Foreign trade: nuances of customs clearance of goods
Almost all companies that happen to transport their goods and cargo across the Russian border face a number of problems such as customs clearance of goods, popularly called customs clearance or customs clearance. Customs declaration is now a necessary condition for the possibility of carrying out trade import-export operations. In order for the cargo to ultimately overcome all natural (or artificial) obstacles on the way to the warehouse, the coordinated work of a team of professionals is needed.
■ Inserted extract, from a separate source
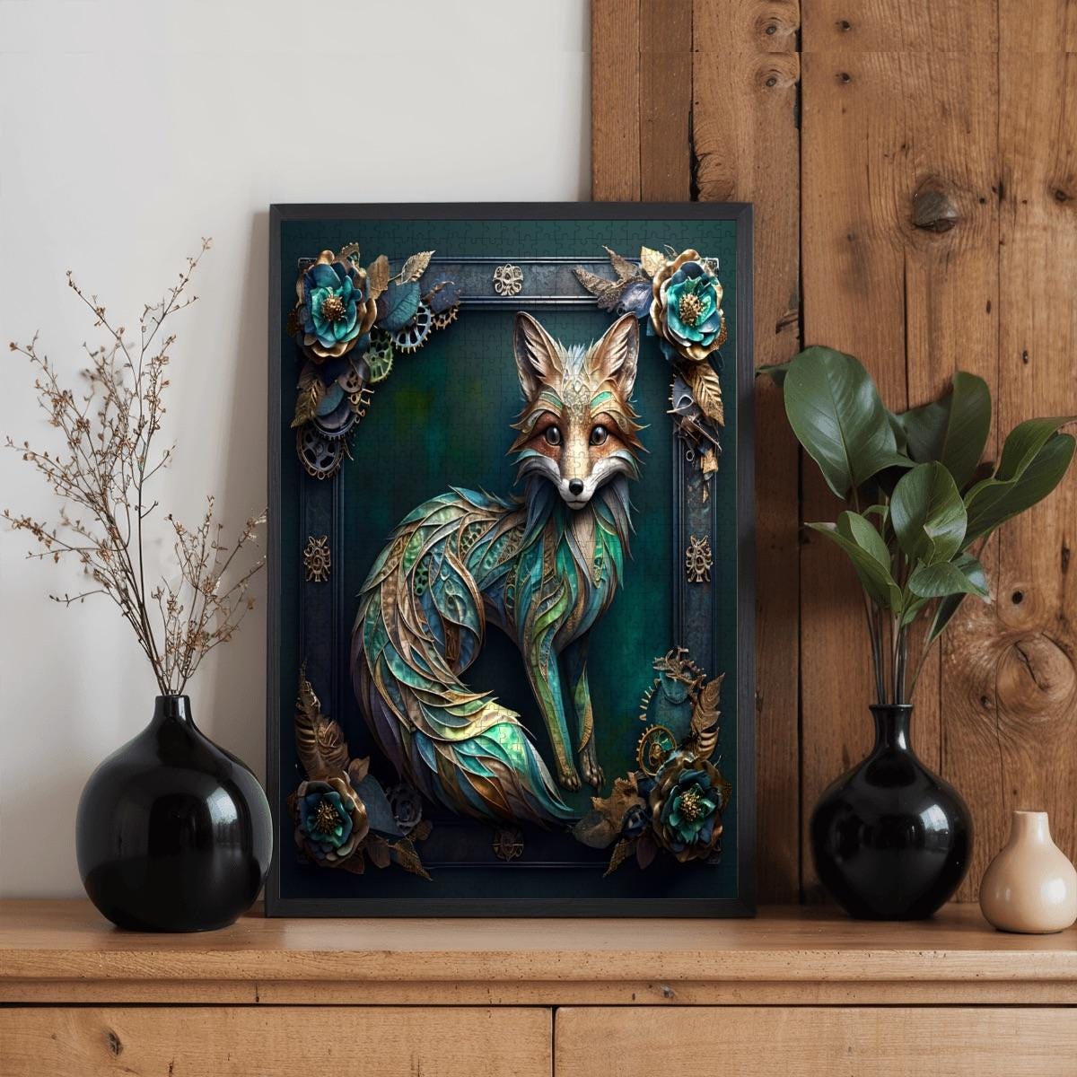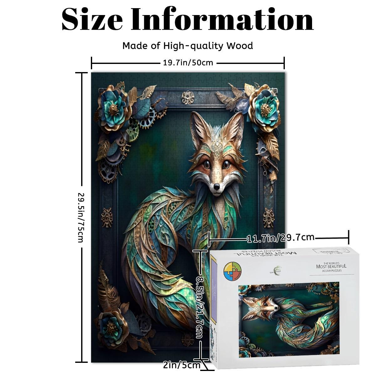 Immerse yourself in artistry and craftsmanship with this Steampunk Fox Wooden Jigsaw Puzzle, made from premium oak wood and printed using vibrant UV technology for rich, long-lasting color.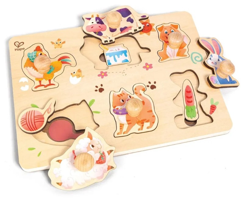 Изучайте внешний вид животных и их фермерскую жизнь с помощью этого пазла. Дети могут выбирать блоки по форме и вставлять их в специальные углубления.

Difficulties in conducting foreign trade activities
Designed for those who have at least once thought about supplying their goods for export, but do not know how this can be done. After all, it is quite obvious that in conditions of fierce competition it is necessary to sell your products or goods not only in domestic but also in foreign markets. Few people know that currently another new service has appeared on the market, the meaning of which is that a certain specialized company takes on all the exporter’s problems associated with the delivery of goods abroad.

Unfair competition in foreign trade activities
It looks something like this. The price offered for delivery is quite attractive, but it does not say that this is only for transportation (without customs clearance) or only for the first delivery, and then it will be more expensive. Nowhere is it emphasized that the company is responsible only for the transportation of goods and they are responsible for customs clearance some other companies that are involved as counterparties. These companies can change all the time, so their disclaimer is very likely.

Features of modern outsourcing of foreign trade activities
Outsourcing of foreign trade activities is a comprehensive solution that includes delivery and customs clearance, from economic calculations and creation of a contract, to the release of cargo from customs. This is the transfer by a trading organization in Russia of its existing business processes for the transportation and customs clearance of imported goods, on the basis of a long-term contract with a company specializing in the relevant field.